The problem: Return, from the lines below, each one that includes the word "lock".

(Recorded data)
---------------

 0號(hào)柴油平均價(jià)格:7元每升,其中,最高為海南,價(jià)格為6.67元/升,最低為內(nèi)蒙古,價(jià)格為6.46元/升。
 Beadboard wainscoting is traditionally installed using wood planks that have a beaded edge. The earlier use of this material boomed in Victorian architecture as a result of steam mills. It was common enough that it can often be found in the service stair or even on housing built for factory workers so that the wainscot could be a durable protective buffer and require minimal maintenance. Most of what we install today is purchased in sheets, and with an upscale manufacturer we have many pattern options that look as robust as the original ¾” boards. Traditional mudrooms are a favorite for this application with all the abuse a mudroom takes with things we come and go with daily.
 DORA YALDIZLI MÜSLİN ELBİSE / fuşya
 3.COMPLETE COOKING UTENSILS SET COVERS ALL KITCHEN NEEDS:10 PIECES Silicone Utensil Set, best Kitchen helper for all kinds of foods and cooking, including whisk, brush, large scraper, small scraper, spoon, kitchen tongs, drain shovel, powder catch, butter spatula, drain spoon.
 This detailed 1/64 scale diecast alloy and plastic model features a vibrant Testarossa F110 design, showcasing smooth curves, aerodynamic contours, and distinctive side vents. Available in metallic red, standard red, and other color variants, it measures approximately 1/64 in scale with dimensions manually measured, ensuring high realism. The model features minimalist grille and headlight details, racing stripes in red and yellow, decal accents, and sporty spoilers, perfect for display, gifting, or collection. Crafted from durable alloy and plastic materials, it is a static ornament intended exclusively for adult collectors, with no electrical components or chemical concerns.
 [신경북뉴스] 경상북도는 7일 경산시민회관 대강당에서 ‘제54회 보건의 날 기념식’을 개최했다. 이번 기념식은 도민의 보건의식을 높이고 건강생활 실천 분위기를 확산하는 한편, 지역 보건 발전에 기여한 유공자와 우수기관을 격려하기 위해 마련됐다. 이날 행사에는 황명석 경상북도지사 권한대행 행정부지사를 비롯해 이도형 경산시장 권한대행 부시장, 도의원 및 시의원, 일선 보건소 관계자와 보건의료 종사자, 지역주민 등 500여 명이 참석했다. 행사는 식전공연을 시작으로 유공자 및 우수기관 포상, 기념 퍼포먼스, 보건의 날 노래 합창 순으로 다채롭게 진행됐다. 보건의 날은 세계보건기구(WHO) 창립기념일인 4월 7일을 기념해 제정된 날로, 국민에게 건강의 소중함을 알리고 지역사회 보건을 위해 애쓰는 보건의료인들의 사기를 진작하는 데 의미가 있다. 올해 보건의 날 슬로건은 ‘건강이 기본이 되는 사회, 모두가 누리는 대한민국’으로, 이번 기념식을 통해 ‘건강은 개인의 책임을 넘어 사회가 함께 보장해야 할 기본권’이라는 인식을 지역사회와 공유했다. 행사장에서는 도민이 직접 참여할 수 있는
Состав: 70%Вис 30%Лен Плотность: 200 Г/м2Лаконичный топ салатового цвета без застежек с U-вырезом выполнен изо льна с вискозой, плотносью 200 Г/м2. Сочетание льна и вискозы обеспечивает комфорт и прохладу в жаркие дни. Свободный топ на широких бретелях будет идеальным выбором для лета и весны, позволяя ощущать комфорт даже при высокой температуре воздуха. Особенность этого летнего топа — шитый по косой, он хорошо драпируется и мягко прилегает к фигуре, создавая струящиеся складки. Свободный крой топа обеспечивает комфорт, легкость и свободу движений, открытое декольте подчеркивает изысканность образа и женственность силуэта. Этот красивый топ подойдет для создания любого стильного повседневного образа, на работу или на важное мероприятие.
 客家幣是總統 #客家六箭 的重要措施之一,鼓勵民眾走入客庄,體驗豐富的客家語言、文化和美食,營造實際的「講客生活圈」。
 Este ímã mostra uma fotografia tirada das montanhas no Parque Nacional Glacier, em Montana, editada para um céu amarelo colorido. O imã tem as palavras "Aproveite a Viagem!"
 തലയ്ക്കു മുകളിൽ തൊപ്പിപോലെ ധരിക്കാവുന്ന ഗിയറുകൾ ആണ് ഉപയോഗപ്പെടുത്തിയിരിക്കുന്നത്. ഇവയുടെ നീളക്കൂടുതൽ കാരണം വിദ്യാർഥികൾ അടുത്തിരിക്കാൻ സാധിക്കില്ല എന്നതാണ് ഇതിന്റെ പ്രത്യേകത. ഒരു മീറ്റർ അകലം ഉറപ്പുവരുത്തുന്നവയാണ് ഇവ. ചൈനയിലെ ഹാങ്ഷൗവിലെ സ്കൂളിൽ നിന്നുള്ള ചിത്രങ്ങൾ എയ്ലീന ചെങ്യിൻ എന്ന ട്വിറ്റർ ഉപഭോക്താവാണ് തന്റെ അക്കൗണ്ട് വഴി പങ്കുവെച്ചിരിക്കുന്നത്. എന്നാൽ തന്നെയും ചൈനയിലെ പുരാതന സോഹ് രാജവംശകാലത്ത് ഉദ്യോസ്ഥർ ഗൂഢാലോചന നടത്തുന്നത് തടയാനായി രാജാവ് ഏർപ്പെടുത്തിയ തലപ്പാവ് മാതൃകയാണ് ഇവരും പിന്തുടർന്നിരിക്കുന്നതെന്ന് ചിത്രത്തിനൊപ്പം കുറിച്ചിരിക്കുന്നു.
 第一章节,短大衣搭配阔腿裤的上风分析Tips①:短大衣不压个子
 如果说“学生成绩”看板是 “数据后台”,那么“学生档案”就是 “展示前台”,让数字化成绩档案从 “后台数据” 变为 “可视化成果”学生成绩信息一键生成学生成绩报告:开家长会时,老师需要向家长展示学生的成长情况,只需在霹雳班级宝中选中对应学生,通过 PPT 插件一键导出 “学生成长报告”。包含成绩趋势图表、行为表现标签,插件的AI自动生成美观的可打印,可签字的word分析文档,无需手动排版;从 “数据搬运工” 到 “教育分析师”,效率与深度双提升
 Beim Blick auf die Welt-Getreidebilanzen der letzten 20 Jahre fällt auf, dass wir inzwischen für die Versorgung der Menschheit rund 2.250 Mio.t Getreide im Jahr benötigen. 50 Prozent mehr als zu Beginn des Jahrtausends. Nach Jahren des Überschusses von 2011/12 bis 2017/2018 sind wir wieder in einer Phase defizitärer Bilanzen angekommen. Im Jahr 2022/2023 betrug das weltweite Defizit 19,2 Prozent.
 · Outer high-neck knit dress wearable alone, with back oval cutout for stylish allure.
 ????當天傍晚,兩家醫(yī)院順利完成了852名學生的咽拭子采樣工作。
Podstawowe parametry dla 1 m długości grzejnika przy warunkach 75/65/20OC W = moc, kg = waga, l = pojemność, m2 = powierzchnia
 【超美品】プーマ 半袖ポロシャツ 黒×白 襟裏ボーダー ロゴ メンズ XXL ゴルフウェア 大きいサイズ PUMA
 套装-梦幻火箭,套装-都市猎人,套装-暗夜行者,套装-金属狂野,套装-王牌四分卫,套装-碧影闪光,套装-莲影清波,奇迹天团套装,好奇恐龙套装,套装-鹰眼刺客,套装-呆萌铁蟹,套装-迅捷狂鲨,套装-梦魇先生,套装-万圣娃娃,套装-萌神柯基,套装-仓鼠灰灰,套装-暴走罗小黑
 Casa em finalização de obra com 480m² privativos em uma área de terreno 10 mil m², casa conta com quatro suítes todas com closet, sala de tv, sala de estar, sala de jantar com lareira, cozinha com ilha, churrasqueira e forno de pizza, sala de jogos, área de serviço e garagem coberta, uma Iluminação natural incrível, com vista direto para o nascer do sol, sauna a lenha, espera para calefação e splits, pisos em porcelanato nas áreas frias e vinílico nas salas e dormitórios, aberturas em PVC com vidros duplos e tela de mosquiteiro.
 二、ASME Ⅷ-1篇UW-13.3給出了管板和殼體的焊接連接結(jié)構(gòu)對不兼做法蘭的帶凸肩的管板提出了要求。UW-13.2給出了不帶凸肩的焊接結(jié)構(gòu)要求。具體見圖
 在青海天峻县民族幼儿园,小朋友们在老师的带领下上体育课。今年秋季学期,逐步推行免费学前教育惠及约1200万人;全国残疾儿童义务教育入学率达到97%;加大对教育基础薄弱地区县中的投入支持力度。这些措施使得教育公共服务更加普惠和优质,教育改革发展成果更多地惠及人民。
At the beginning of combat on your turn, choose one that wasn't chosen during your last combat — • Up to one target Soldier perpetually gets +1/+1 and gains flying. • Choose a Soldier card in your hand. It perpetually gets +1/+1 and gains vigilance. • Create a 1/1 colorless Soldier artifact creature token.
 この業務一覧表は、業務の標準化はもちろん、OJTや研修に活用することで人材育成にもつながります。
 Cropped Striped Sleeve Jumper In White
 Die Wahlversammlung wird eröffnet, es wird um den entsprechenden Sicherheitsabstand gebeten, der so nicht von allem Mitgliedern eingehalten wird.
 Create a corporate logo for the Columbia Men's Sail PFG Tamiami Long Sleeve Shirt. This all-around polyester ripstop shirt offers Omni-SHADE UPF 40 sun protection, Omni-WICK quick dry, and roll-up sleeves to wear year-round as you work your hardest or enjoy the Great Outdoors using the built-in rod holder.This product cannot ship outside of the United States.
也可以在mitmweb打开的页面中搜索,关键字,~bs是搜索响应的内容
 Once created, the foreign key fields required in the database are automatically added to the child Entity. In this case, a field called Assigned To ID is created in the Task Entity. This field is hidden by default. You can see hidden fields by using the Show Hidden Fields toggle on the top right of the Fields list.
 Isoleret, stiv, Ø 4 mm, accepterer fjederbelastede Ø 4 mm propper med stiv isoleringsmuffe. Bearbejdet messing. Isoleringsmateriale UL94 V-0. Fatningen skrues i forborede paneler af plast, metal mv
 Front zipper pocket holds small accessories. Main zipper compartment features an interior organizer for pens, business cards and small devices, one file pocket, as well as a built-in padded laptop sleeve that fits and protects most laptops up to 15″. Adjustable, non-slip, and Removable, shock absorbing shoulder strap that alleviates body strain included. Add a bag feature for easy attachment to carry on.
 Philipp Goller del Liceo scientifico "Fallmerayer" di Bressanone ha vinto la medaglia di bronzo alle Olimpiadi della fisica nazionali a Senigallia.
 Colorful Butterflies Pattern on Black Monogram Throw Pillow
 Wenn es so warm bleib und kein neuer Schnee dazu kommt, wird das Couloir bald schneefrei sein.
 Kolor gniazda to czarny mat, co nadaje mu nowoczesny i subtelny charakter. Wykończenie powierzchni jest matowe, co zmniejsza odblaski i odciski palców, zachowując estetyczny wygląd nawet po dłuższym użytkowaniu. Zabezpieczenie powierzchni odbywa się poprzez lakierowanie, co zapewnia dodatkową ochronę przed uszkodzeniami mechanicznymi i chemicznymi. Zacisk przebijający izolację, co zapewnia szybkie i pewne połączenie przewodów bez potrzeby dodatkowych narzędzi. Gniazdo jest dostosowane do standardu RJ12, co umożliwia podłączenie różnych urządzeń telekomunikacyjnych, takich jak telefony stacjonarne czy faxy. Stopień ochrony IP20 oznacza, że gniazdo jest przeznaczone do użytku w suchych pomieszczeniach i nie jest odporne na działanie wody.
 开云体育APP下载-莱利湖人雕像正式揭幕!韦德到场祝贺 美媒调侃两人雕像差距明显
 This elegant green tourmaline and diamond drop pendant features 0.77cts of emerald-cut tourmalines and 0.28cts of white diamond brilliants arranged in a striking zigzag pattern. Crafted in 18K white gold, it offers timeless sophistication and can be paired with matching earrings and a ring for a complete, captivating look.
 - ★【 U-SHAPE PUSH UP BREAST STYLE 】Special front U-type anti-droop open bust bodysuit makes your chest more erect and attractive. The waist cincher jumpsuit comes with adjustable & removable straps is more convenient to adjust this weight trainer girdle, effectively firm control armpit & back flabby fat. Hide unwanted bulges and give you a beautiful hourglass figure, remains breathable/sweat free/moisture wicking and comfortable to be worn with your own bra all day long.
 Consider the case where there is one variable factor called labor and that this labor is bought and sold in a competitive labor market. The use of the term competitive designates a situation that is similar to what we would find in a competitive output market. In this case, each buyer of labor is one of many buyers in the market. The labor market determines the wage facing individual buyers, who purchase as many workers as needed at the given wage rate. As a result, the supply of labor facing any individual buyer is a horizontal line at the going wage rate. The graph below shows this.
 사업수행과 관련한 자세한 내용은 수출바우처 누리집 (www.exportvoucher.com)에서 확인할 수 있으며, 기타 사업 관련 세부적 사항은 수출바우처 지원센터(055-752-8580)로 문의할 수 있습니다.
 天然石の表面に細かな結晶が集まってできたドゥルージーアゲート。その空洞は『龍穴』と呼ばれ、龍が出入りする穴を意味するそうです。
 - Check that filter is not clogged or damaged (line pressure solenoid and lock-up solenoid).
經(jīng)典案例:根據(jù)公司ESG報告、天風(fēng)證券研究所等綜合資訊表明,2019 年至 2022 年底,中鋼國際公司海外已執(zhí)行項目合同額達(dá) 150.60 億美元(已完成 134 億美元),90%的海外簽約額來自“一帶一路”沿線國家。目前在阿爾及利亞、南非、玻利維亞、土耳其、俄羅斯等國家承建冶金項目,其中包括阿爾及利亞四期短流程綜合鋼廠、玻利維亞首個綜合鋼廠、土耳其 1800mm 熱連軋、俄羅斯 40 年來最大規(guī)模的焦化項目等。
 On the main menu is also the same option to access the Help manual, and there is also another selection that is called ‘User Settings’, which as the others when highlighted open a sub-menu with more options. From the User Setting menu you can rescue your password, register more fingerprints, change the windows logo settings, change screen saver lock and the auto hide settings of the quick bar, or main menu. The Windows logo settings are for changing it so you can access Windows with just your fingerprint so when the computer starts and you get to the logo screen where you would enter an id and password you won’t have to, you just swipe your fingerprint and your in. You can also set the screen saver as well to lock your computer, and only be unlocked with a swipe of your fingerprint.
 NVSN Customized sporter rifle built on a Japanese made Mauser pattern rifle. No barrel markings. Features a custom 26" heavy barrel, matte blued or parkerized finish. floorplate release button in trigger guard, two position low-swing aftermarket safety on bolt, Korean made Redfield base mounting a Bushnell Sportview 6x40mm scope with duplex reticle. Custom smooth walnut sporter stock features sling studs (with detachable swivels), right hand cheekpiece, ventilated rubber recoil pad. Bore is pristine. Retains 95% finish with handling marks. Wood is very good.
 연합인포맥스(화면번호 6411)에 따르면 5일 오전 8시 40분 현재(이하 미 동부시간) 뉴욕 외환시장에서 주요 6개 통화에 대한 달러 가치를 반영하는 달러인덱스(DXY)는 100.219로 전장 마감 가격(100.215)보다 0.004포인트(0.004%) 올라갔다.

---------------

Reply to the exercise:
 - Check that filter is not clogged or damaged (line pressure solenoid and lock-up solenoid).
 On the main menu is also the same option to access the Help manual, and there is also another selection that is called ‘User Settings’, which as the others when highlighted open a sub-menu with more options. From the User Setting menu you can rescue your password, register more fingerprints, change the windows logo settings, change screen saver lock and the auto hide settings of the quick bar, or main menu. The Windows logo settings are for changing it so you can access Windows with just your fingerprint so when the computer starts and you get to the logo screen where you would enter an id and password you won’t have to, you just swipe your fingerprint and your in. You can also set the screen saver as well to lock your computer, and only be unlocked with a swipe of your fingerprint.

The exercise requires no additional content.